I was wondering whether the fact that I will be living over a retail unit should be a cause of concern? Could the retail units change their use at some stage to something more objectionable? 

I'd be particularly interested in the views of those who actually live above a retail unit. 

Thanks


----------



## Hillsalt (18 May 2008)

I'd check to make sure it's not going to be a late night business (fast food, off licence, taxi office, newsagent) - some of which will require PP. If an investor owns the shop for letting out, then the occupants of the shop could change every few years.

I own rentals that are above retail units but they are all _9 to 6_ operations. 

Maybe it will be a florist!


----------



## liaconn (19 May 2008)

My apartment is over a creche and, while there's no major problems, there are some issues re parking and noise early in the morning (some kids are dropped off at 7am). I'd check out issues re designated parking, opening hours, restrictions on delivery times, if I were you.


----------



## Lauren (19 May 2008)

I'd say it depends on your location and ultimately the type of retail unit that will be below. I've seen that sign on developments, however got the impression that its a suggestion by the developer as opposed to what could actually end up there....


----------



## msmyth (19 May 2008)

I live abouv a row of shops, most of which were empty when I bought the place. What you need to do is keep an eye out to see if planning permission is submitted, as someone else said certain types of businesses require it. Where I live the management company tryed to sneak a chipper into one of the empty units- us residents got mad with the management company, we now have a Euro saver style shop instead. We also got the mc to put it into each lease that delivery times be restricted.

Personally, the problems I've had are with litter. Also I find it annoying that early morning I'm sometimes awoken by the sound of rattling trolleys being wheeled across pavements. We did have a word with the shopkeeper and the problem has seriously diminished since then.

Also any premises that serve food require a big loud refridgeration unit, if your apartment is going to be directly above it object (they'll need pp) as they run 24hrs and the noise can be a bit much if you're directly above it.

All in all I actually really like the convenience of over the shop living.

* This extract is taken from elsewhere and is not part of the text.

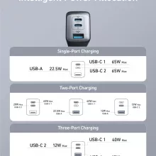 - High-Speed 65W Output: Charge laptops, tablets, and phones simultaneously without slowing down performance.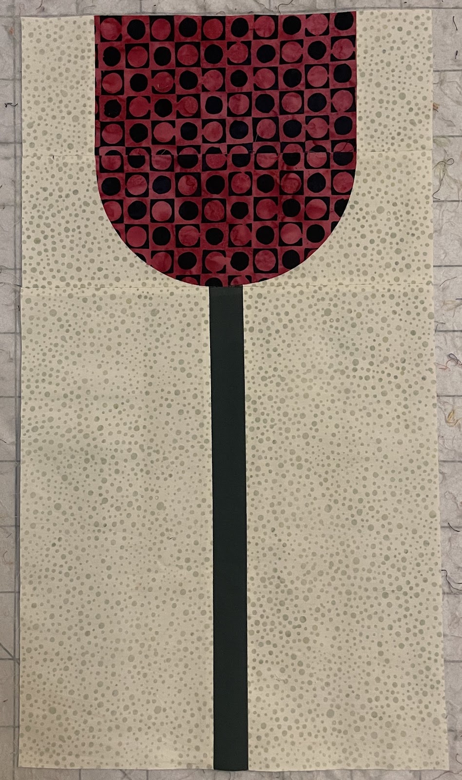 I wanted a modern take on the Quilt of Valor theme. Using turquoise instead of traditional blue was one way of achieving that objective. A longitudinal design, instead of the usual square blocks, helped get me there. Long borders (only on the sides) and vertical quilting lines emphasize the design.

It's so handy to be able to pop downstairs to get a pint of milk ect. However it did take a lot of effort from us residents to ensure we got retail units that wouldn't impose our lives.


----------



## liaconn (20 May 2008)

msmyth said:


> I live abouv a row of shops, most of which were empty when I bought the place. What you need to do is keep an eye out to see if planning permission is submitted, as someone else said certain types of businesses require it. Where I live the management company tryed to sneak a chipper into one of the empty units- us residents got mad with the management company, we now have a Euro saver style shop instead. We also got the mc to put it into each lease that delivery times be restricted.
> 
> .


I was just wondering if you have problems with gangs of teenagers hanging around outside the shops at night? I nearly bought an apartment over  a small shopping centre but this was one of the drawbacks.


----------



## so-crates (20 May 2008)

msmyth said:


> ... Where I live the management company tryed to sneak a chipper into one of the empty units- us residents got mad with the management company...


 
I am assuming from this that you are talking about a seperate managing company for the shop units? How can this work? The managing company is surely for the building as a whole, ergo you would be part of it as you own one of the apartments?



msmyth said:


> ... Also any premises that serve food require a big loud refridgeration unit, if your apartment is going to be directly above it object (they'll need pp) as they run 24hrs and the noise can be a bit much if you're directly above it.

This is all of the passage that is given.